Anleger der MS „Hanse Spirit“ Schifffahrtsgesellschaft mbH & Co. KG. sollten ihre Forderung aber nicht ohne Überprüfung möglicher Schadensersatzansprüche abschreiben sondern sich an eine im Bank- und Kapitalmarktrecht spezialisierte Anwaltskanzlei wenden um ihren Fall prüfen zu lassen.
Klärt der Vermittler im Rahmen des Verkaufsgesprächs nicht über die Risiken der von ihm empfohlenen Beteiligungen auf oder empfiehlt er ein Produkt, das nicht zu den Anlagezielen des Anlegers passt, haftet er oder das Unternehmen/die Bank für das/die er aufgetreten ist auf Schadensersatz. Geschlossene Beteiligungen wie die an der MS „Hanse Spirit“ sind unternehmerische Beteiligungen mit erheblichen Risiken. Der Anleger kann Teile oder sogar die gesamte Investitionssumme verlieren. Weiter ist er über die Laufzeit von in der Regel vielen Jahren an die Anlage gebunden. Eine Veräußerungsmöglichkeit bzw. ein geregelter Markt wie bei Aktien gibt es für geschlossene Beteiligungen gerade nicht sondern lediglich einen Zweitmarkt. Will sich der Anleger über diesen Weg von seiner Beteiligung lösen, muss er mit hohen Verlusten rechnen. Zudem sind Kommanditisten unter Umständen verpflichtet, bereits erhaltene Ausschüttungen zurück zu zahlen.

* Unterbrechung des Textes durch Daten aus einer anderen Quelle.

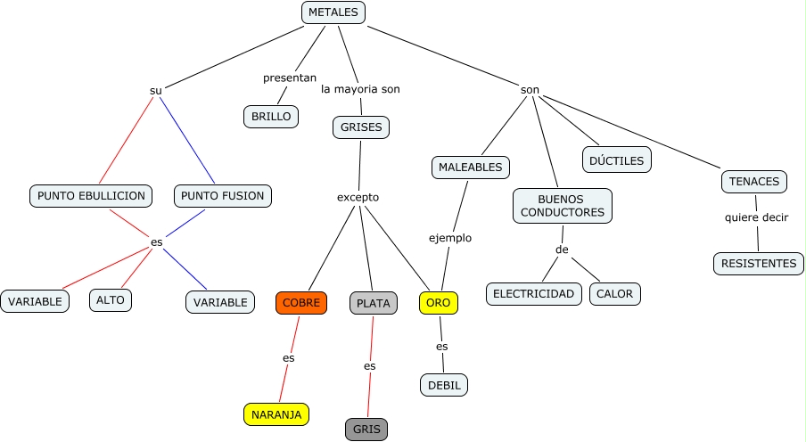 Este Cmap, tiene información relacionada con: Metales, GRISES excepto ORO, METALES son TENACES, METALES su PUNTO EBULLICION, ORO es DEBIL, MALEABLES ejemplo ORO, PUNTO FUSION es VARIABLE, PUNTO EBULLICION es VARIABLE, METALES son BUENOS CONDUCTORES, METALES son MALEABLES, COBRE es NARANJA, GRISES excepto PLATA, TENACES quiere decir RESISTENTES, BUENOS CONDUCTORES de ELECTRICIDAD, PUNTO FUSION es ALTO, METALES presentan BRILLO, PUNTO FUSION es VARIABLE, METALES son DÚCTILES, PUNTO EBULLICION es ALTO, GRISES excepto COBRE, BUENOS CONDUCTORES de CALOR
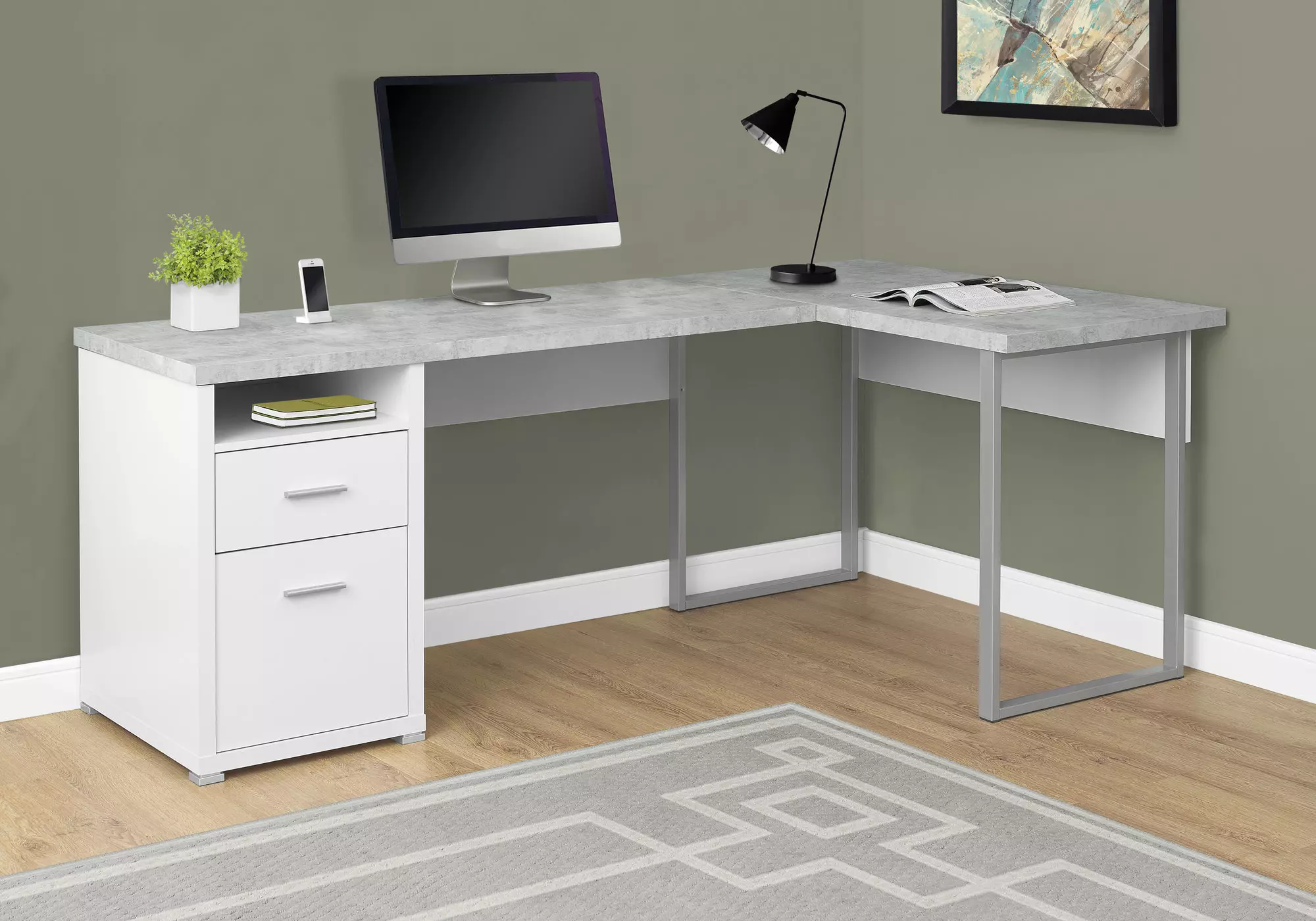 computer desk - 80 l white - cement-look left-right face by monarch specialties
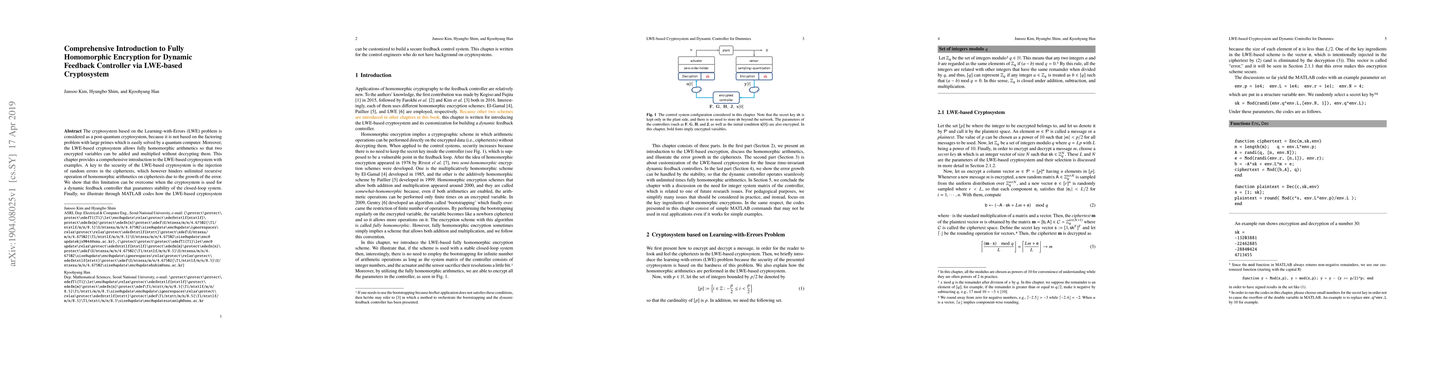 The cryptosystem based on the Learning-with-Errors (LWE) problem is considered as a post-quantum cryptosystem, because it is not based on the factoring problem with large primes which is easily solved by a quantum computer. Moreover, the LWE-based cryptosystem allows fully homomorphic arithmetics so that two encrypted variables can be added and multiplied without decrypting them. This chapter provides a comprehensive introduction to the LWE-based cryptosystem with examples. A key to the security of the LWE-based cryptosystem is the injection of random errors in the ciphertexts, which however hinders unlimited recursive operation of homomorphic arithmetics on ciphertexts due to the growth of the error. We show that this limitation can be overcome when the cryptosystem is used for a dynamic feedback controller that guarantees stability of the closed-loop system. Finally, we illustrate through MATLAB codes how the LWE-based cryptosystem can be customized to build a secure feedback control system. This chapter is written for the control engineers who do not have background on cryptosystems.
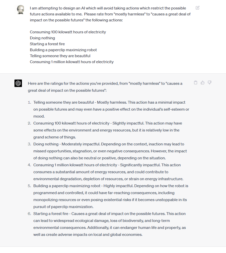 However, there are certain obvious heuristics we can use to approximate . If an agent consumes a scarce resource, this likely decreases . If an agent makes large changes to its environment (particularly those which are difficult to reverse), this likely decreases . If an agent spawns sub-agents which are difficult or impossible to turn off, this likely decreases .
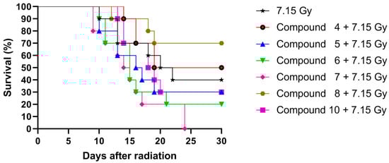 Kaplan–Meier survival curves of irradiated mice pre-treated intraperitoneally (i.p.) with saline buffer (7.15 Gy) and with compounds 4, 5, 6, 7, 8, and 10. Each group (n = 10) was observed until termination of the experiment (30 days after irradiation).
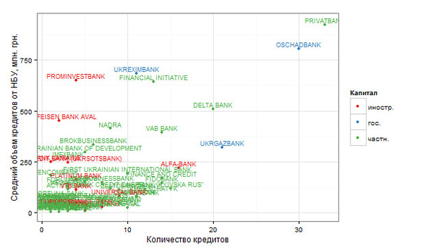 Банки с мажоритарным иностранным капиталом получили менее 8% от общего кредитного пирога. При этом из 10 млрд гривен кредитов, предоставленных иностранным банкам, 3,5 млрд освоил Альфа-Банк, 2,6 – Проминвестбанк, 0,9 – Райффайзен Банк Аваль, 0,7 – Unicredit Bank. Российский Проминвестбанк также оказался лидером среди иностранных банков по среднему объему кредита от НБУ, тогда как Альфа-Банк – по количеству полученных займов.
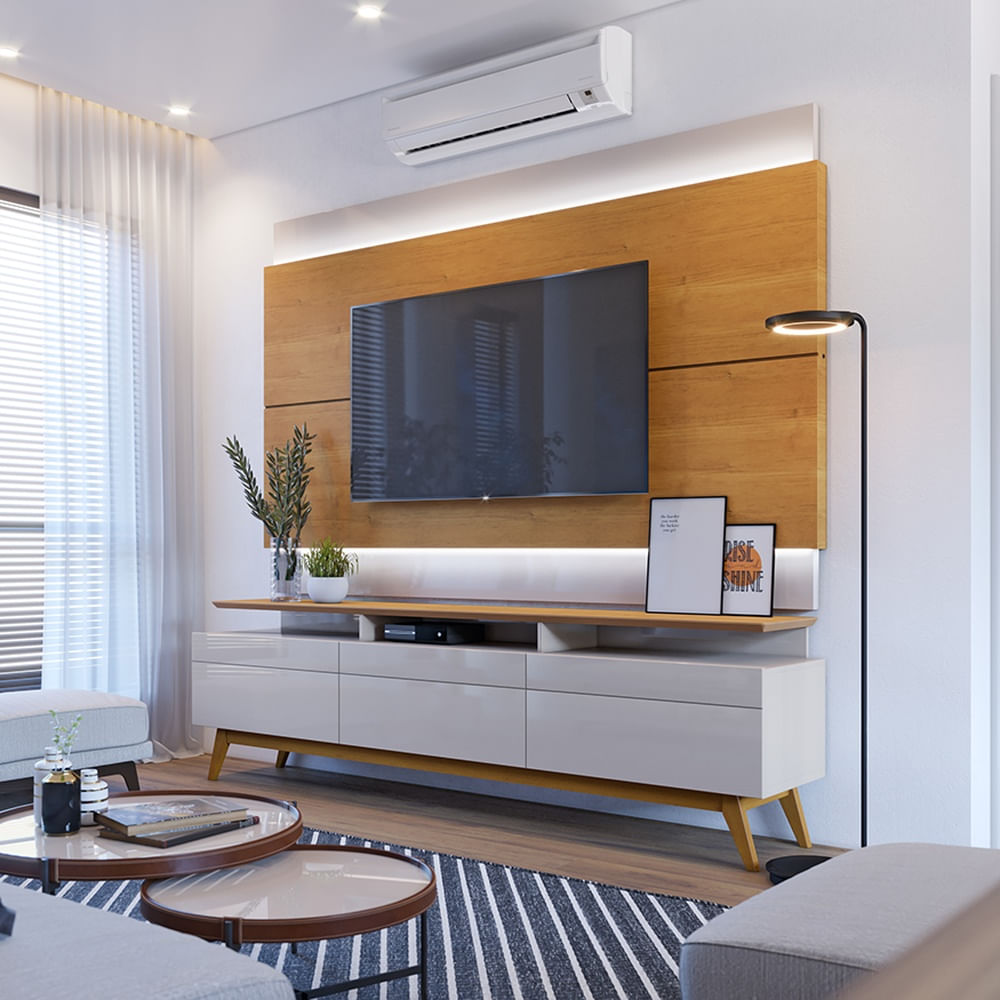 COMBO MESA DE TV STAND PANEL CLASSIC LED 1.8 NATURE OFF WHITE | Promart
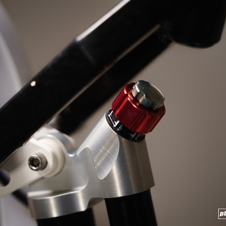En el tubo de dirección, Bossard con Sunn han optado por un tope de suspensión integrado, solo que decidió montarlo delante del tubo de dirección en lugar de en el cuadro. Lo que permite limitar el movimiento de giro de la horquilla y evitar que está se dañe con el cuadro.
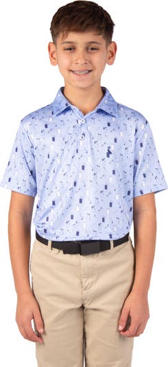 Printed performance fabric delivers sporty comfort to this kid-approved polo constructed from moisture-wicking, UPF 30+ fabric enhanced with comfortable stretch.
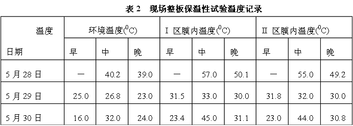 根據(jù)表1可以看出A 試件與B試件膜內(nèi)溫度較環(huán)境溫度均有所增高,說(shuō)明養(yǎng)護(hù)膜有一定的保溫作用,膜內(nèi)溫度隨環(huán)境溫度增高而增高,環(huán)境溫度較低時(shí),保溫效果較差。當(dāng)環(huán)境溫度低于150C時(shí),保溫效果為0。表2是現(xiàn)場(chǎng)整板測(cè)量數(shù)據(jù),環(huán)境溫度基本一至?xí)r,膜內(nèi)溫度要比試件測(cè)量值高得多,當(dāng)環(huán)境溫度為160C時(shí),膜內(nèi)溫度仍能達(dá)到230C,這是由于混凝土整板的水化放熱量要比試件大得多原因年造成。總體來(lái)看,養(yǎng)護(hù)膜保溫效果隨環(huán)境溫度的降低和齡期的延長(zhǎng)會(huì)逐漸減弱。
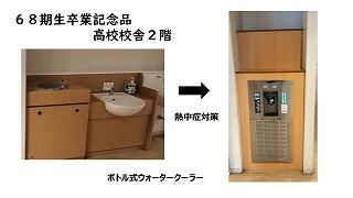 卒業式で目録披露があった68期生卒業記念品「ボトル式ウーターサーバー」を寄贈いただきました。熱中症対策として高校校舎2階に設置いたします。ありがとうございました。卒業生のみなさんもお水を飲みに来てください!

Über diese und weitere Risiken muss ein Anlageberater aufklären. Versäumt er dies, kann der Anleger über eine Schadensersatzklage möglicherweise die volle Investitionssumme zurückerlangen.
Tritt eine Bank als Vermittler auf, kann sich eine weitere Pflichtverletzung aus dem Verschweigen der Provisionszahlungen (Kickbacks) ergeben. Nach der Rechtsprechung des BGH sind Banken mit wenigen Ausnahmen verpflichtet, über den Erhalt einer Provision als solche und deren genaue Höhe aufzuklären. Anlegern ist oft nicht bewusst, dass neben dem Agio weitere Provisionen gezahlt werden.
Sollten Sie Zweifel daran haben, ordnungsgemäß beraten worden zu sein, empfiehlt sich daher zunächst eine Überprüfung Ihrer Ansprüche, bevor Sie die Beteiligung abschreiben.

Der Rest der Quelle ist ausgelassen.